Accept what you can’t change. Debt servitude is a form of modern serfdom. At the apex of the human food chain, financial elites are the cow farmers. The well-sought-after Holstein Cow provides the farmer with a voluminous source of milk. The Federal Reserve prized Holstein Cow is the Federal Government paying 729 billion dollars in interest payments per year. State Capitalism, the latter word, implies private ownership. Homeownership, the dream of many to break away from their shackles of slaving on the feudal lord’s private land, is appealing.
Modern serfdom, remote working on a mortgaged property, with today’s shackle being debt?
But the big difference today is that when that mortgage is paid, the title deeds are yours, with you becoming the landlord, free.
State Capitalism loves debt. Governments, left and right of the political spectrum, will spend to buy votes, and people would rather own their property than spend their hard-earned income on rent.
Financially savvy millennials know they need to get on the property ladder as soon as possible
The long-term trajectory of residential properties will be higher because those benefiting the most from higher property prices are at the top of the human food chain.
Financially savvy millennials know that investing will be vital to building a deposit to purchase a home.
The higher the reward, the higher the risk.
So young investors need to be ultra cautious with their hard-earned savings. The world’s reserve currency is USD, and in times of war and financial woes, the king dollar outperforms.
Here is my list of the safest investments to protect your savings against inflation;
1) US short-term government bonds: Treasury bills (T-bills): T-bills maturities of four, 13, 26 or 52 weeks
Some of the most popular short-term government bond ETFs include:
- iShares 1-3 Year Treasury Bond ETF (SHY)

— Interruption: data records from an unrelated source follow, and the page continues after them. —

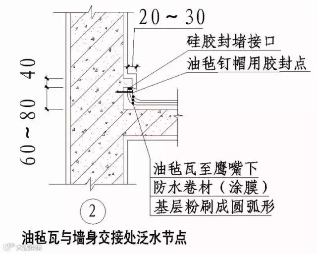 5)油毡瓦屋面与突出屋面部分交接处均应做泛水处理,可沿屋面坡度做通长挡水线,并在挡水线下做老鹰嘴(见图2),油毡瓦屋面与突出屋面管道交接处做法(见图3)。
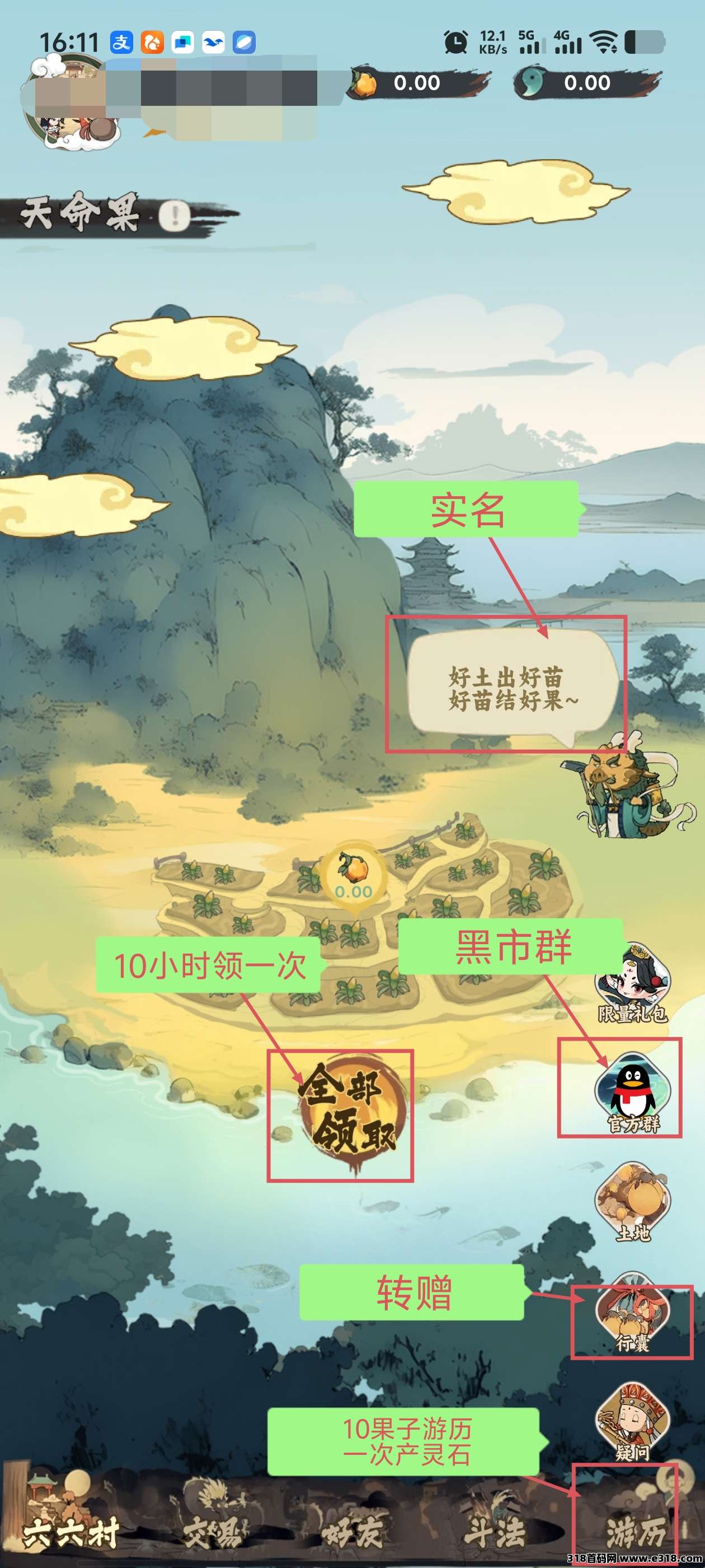 每天用10个天命果参加游历第一难,2小时后之后获得1灵玉,灵玉可交易可转增换米,目前1灵玉=1米。
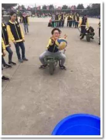 坐在雞公車?yán)锿痘@,你沒見過吧?嘿,這可比真正的投籃難多了,瞧,投籃高手也有失誤的時候啊!
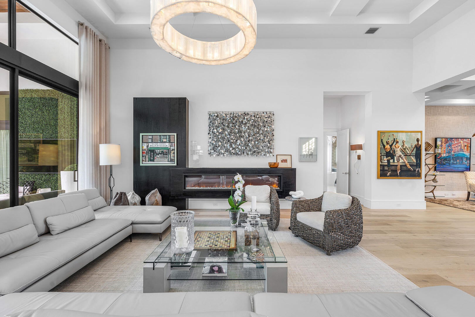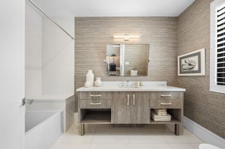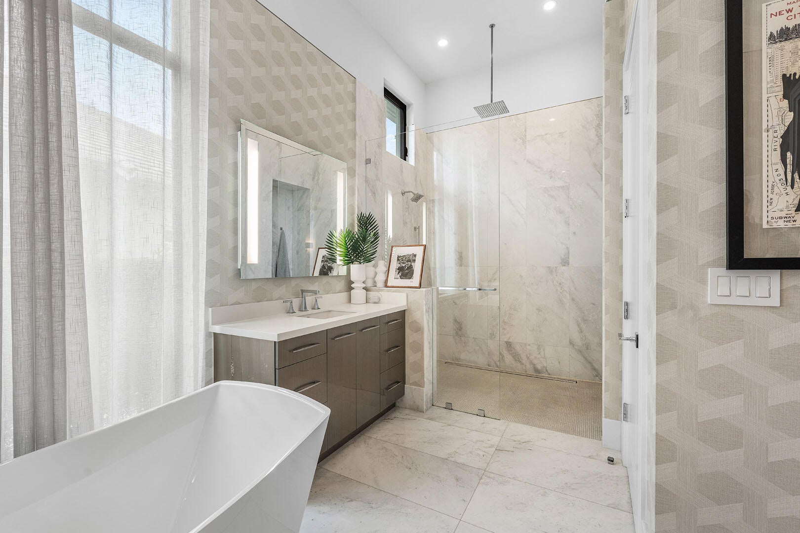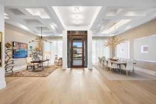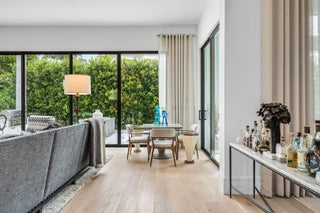 2424 Queen Palm Road is a striking modern estate by River Birch Construction, created for those who value precision, privacy, and effortless luxury. Spanning more than 5,200 square feet, the residence pairs bold architectural lines with warm, refined interiors, anchored by wide-plank oak floors that carry throughout the home.At the heart of the design, a gourmet kitchen commands attention with a generous center island and premium Miele appliances--equally suited for intimate mornings or elevated entertaining. Nearby, a formal dining space sets the stage for memorable evenings, while a dedicated office and an upstairs loft-style media lounge offer flexibility for work, retreat, and relaxation.The first-floor primary suite is a true sanctuary, thoughtfully positioned with no living space above for an added sense of quiet and exclusivity. Spa-inspired baths, boutique-caliber walk-in closets, an adjacent laundry, and a private entrance from the south garage create a seamless, resort-like experience reserved entirely for the owner. Outside, the home transforms into a private backyard escape. A custom heated pool and spa invite year-round enjoyment, complemented by a built-in BBQ and a covered patio designed for lingering afternoons, complete with retractable screens and lounge seating for effortless indoor-outdoor living. Every modern convenience is integrated, from smart home controls for climate, lighting, and music to natural gas, a full generator, impact glass windows and doors, and a pristine turf backyard. With four-bedroom suites and a three-car garage with space for car lifts, the home delivers a rare combination of craftsmanship, comfort, and contemporary sophistication.
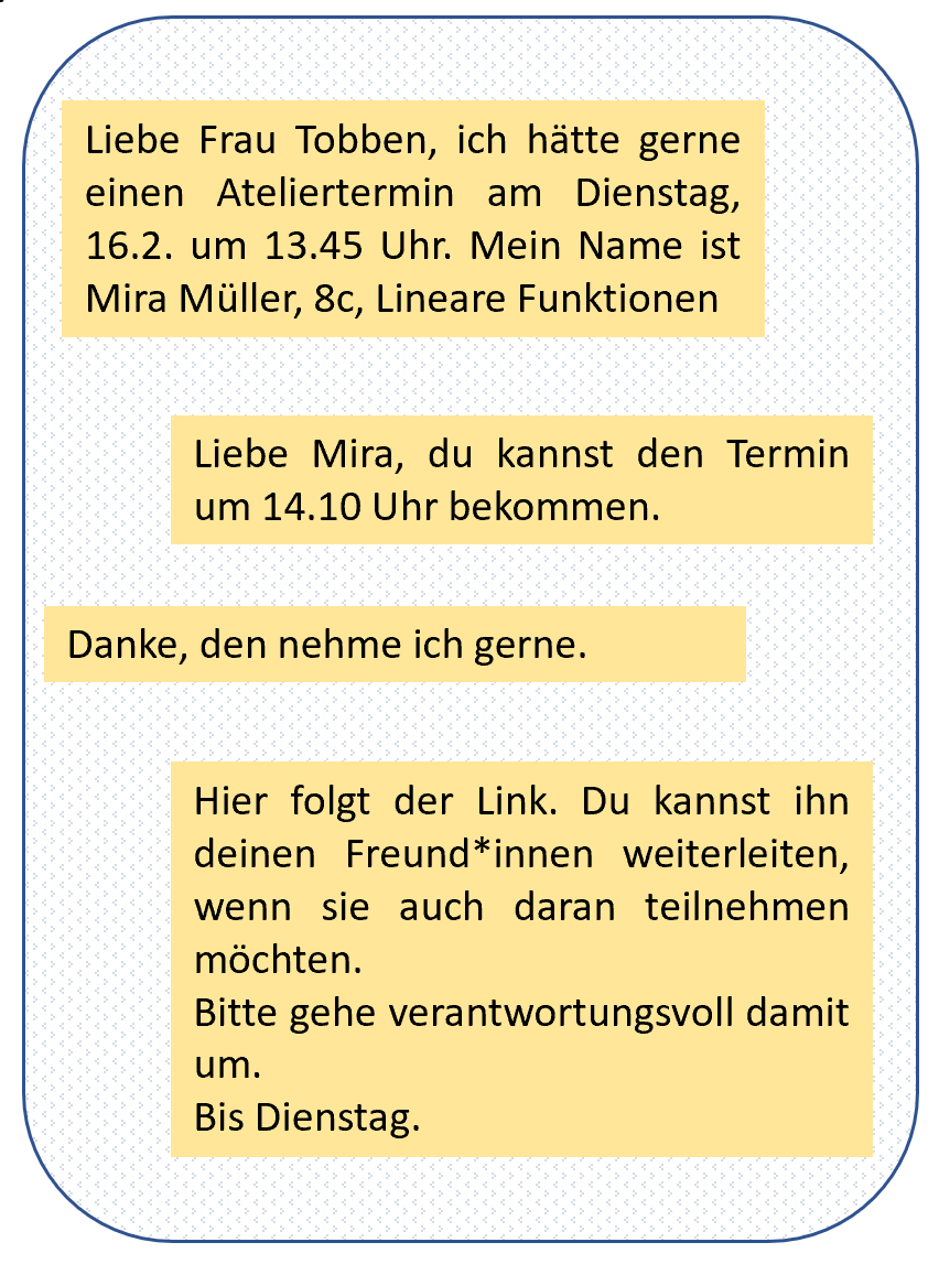 - Du sendest per Schulcloud eine Nachricht an die entsprechende Lehrkraft (max. 6 Tage im Vorfeld): Betreff: Atelier/Name/Klasse/Thema

- Vanguard Short-Term Treasury ETF (VGSH)
- SPDR Portfolio Short-Term Treasury ETF (SPTS)
- Schwab Short-Term US Treasury ETF (SCHO)
- iShares Agency Bond ETF (AGZ)
2) Insured USD cash deposit at the bank with savings rates to compensate for inflation.Check the credit rating of your Bank.
3) Precious metals. Gold and silver, with the latter being more volatile. But if you are in a warzone, moving across the border with precious metals could add to the danger.
4) Currencies to hold USD, in times of trouble, people accept USD as tender.
Greek sovereign debt crisis, US dollars were circulating, and people were paying a premium for dollars.
CHF Swiss Franc holds its value well in wartime.
5) Higher returns, higher risk cryptos. But it is too volatile to put all your hard-earned savings into. Moreover, any threat to fiat currency will most likely be dealt with. Looking under the cryptocurrency bonnet, I prefer cryptos where the blockchain network has utility for high-value transactions, has built in scarcity, and is not in competition with fiat currency.
6) NASDAQ, the world’s technology park, could be another good long-term speculative play, particularly when the Fed starts cutting interest rates.
These are volatile growth stocks, and it is better to manage the risk by buying one of the 12 best NASDAQ ETFs.
Financially savvy millennials select regulated brokers, SEC-regulated in the US and FCA in the UK.